23. Processo para a fabricação de uma composição farmacêutica compreendendo AZD2171 ou um sal farmaceuticamente aceitável do mesmo, caracterizado pelo fato de que compreende: (a) misturar AZD2171 ou um sal farmaceuticamente aceitável do mesmo, uma carga plástica com uma área de superfície alta excluindo lactose, uma carga frágil com uma acidez de superfície baixa, opcionalmente uma carga plástica secundária e opcionalmente outros excipientes, para produzir uma mistura homogênea; e opcionalmente (b) combinar o pó seco com um lubrificante e comprimir a combinação assim formada em núcleos de tablete; e opcionalmente (c) revestir os núcleos de tablete usando um revestidor em tambor convencional.

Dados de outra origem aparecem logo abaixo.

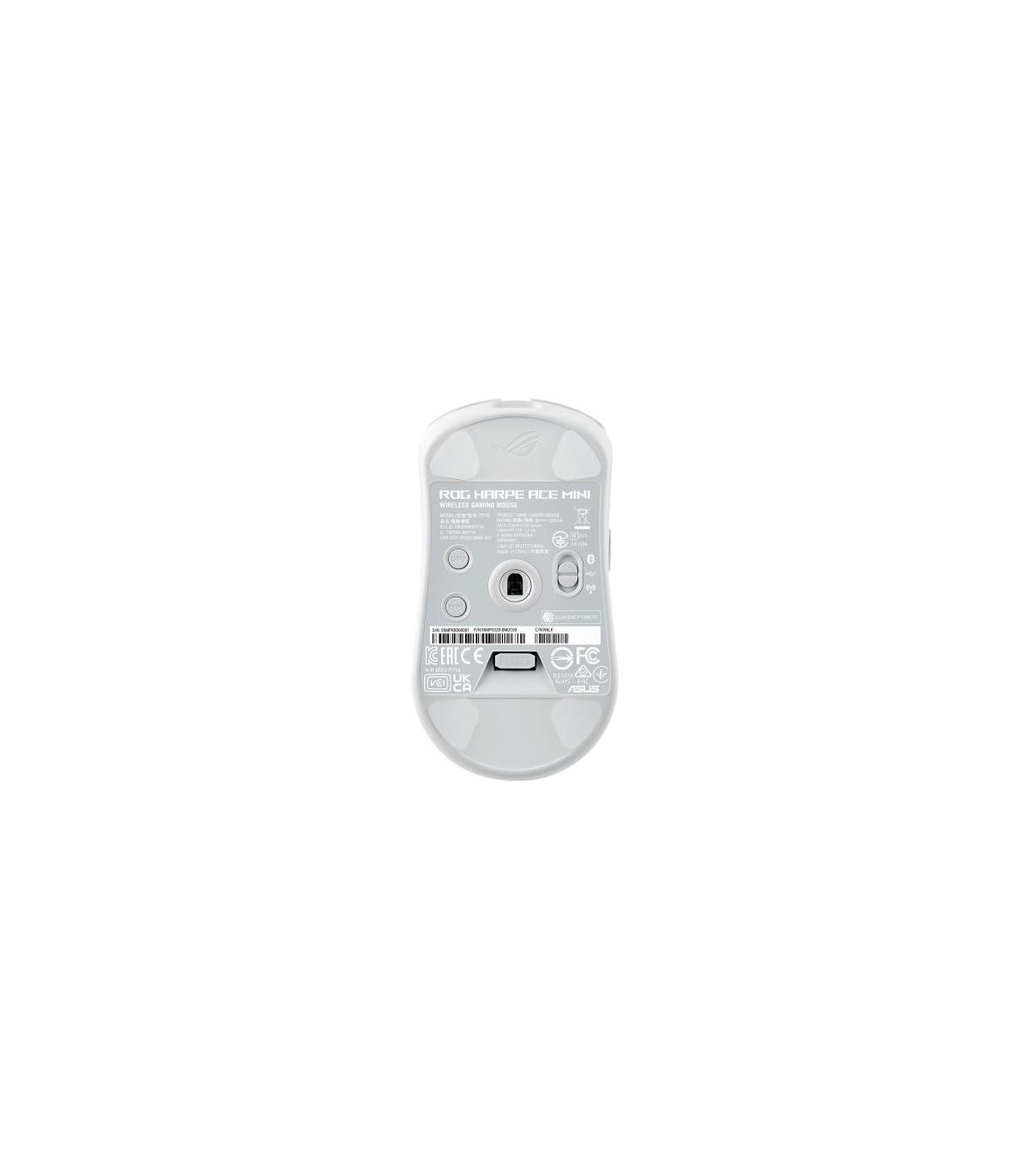 ASUS ROG Harpe Ace Mini. Factor de forma: Ambidextro. Tecnología de detección de movimientos: Óptico, Interfaz del dispositivo: RF Wireless + Bluetooth + USB Type-C, Resolución de movimiento: 42000 DPI, Tipo de desplazamiento: Rueda. Fuente de energía: Baterías/Cable. Color del producto: Blanco

24. Processo para a fabricação de uma composição farmacêutica compreendendo AZD2171 ou um sal farmaceuticamente aceitável do mesmo, caracterizado pelo fato de que compreende: (a) misturar AZD2171 ou um sal farmaceuticamente aceitável do mesmo, uma carga plástica com uma área de superfície alta excluindo lactose, uma carga frágil com uma acidez de superfície baixa, opcionalmente uma carga plástica secundária e opcionalmente outros excipientes para produzir uma mistura homogênea; (b) passar a mistura homogênea através de um compactador para produzir grânulos secos; (c) adicionar mais carga frágil com uma acidez de superfície baixa e misturar a mistura; (d) combinar os grânulos secos assim formados com um lubrificante.

25. Processo para a fabricação de uma composição farmacêutica compreendendo AZD2171 ou um sal farmaceuticamente aceitável do mesmo, caracterizado pelo fato de que compreende: (a) misturar AZD2171 ou um sal farmaceuticamente aceitável do mesmo, uma carga plástica com uma área de superfície alta excluindo Iactose5 uma carga frágil com uma acidez de superfície baixa, opcionalmente uma carga plástica secundária, e opcionalmente outros excipientes para produzir uma mistura homogênea; (b) adicionar um aglutinante líquido aos pós com mistura até que uma massa úmida seja obtida; (c) passar os grânulos úmidos através de uma peneira para remover partículas grandes; (d) secar a mistura; (e) passar os grânulos secos assim formados através de uma outra peneira e combinar a mistura com um lubrificante.